JP3.18 The impact of aerosols on the development of a supercell storm

Wednesday, 30 June 2010
Exhibit Hall (DoubleTree by Hilton Portland)
Kyo-Sun Sunny Lim, Yonsei University, Seoul, Korea, Republic of (South); and S. Y. Hong, S. S. Yum, J. Dudhia, and J. Klemp

This study investigates the aerosol effects on the development of an idealized three-dimensional supercell storm, focusing on storm morphology and precipitation. The impact of the aerosol concentration on the simulated storm is evaluated by varying the initial cloud condensation nuclei (CCN) number concentration in the Weather Research and Forecasting (WRF) Double-Moment 6-class (WDM6) microphysics scheme. A right-moving, quasi-steady supercell with two diverging echo masses was reproduced. Storm intensity was weakened and surface precipitation was reduced in the experiment with a high CCN number concentration. On the other hand, the simulation that excluded the graupel substance produced a weaker low-level downdraft, thus less near-surface vorticity, than the simulation that included graupel.
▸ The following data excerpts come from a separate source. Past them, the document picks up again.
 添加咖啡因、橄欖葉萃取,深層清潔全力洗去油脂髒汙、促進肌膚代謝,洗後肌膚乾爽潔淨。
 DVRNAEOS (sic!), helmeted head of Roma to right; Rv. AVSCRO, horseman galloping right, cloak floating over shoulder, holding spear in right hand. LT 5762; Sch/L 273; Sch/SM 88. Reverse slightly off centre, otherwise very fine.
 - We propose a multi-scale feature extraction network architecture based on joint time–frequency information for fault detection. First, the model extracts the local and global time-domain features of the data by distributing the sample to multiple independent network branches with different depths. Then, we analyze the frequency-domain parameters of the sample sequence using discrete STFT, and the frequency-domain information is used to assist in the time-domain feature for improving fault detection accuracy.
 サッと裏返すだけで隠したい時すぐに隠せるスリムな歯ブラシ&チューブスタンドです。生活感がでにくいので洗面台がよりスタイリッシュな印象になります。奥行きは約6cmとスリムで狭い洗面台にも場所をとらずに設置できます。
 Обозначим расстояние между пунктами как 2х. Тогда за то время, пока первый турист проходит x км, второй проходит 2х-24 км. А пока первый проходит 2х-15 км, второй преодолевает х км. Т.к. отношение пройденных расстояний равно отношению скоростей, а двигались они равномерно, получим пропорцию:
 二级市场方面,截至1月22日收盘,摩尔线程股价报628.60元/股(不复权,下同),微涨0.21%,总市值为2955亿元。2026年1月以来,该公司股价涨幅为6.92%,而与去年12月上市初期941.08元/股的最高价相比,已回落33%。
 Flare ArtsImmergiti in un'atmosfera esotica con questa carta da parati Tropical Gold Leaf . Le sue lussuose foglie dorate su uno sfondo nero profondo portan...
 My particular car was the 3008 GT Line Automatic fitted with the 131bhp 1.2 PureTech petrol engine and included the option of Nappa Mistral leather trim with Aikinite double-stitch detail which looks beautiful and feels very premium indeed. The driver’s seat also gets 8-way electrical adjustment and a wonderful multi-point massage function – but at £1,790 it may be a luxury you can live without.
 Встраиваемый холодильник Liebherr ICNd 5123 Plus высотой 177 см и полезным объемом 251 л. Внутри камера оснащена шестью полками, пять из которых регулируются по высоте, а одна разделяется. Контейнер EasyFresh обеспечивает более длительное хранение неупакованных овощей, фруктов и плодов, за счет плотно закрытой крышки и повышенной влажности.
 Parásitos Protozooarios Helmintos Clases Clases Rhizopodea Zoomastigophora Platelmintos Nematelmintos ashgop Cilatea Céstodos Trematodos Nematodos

The CCN number concentrations did not affect the storm structures in the absence of graupel. In addition, the aerosol effects on the surface precipitation with respect to the initial CCN value were diametrically opposed. The major reason for the different responses to aerosol can be attributed to the exaggerated snow mass loading across the convective core when the graupel species is excluded. The results indicate that graupel species and related microphysics are crucial to the realistic representation of the aerosol-precipitation interactions within a supercell storm.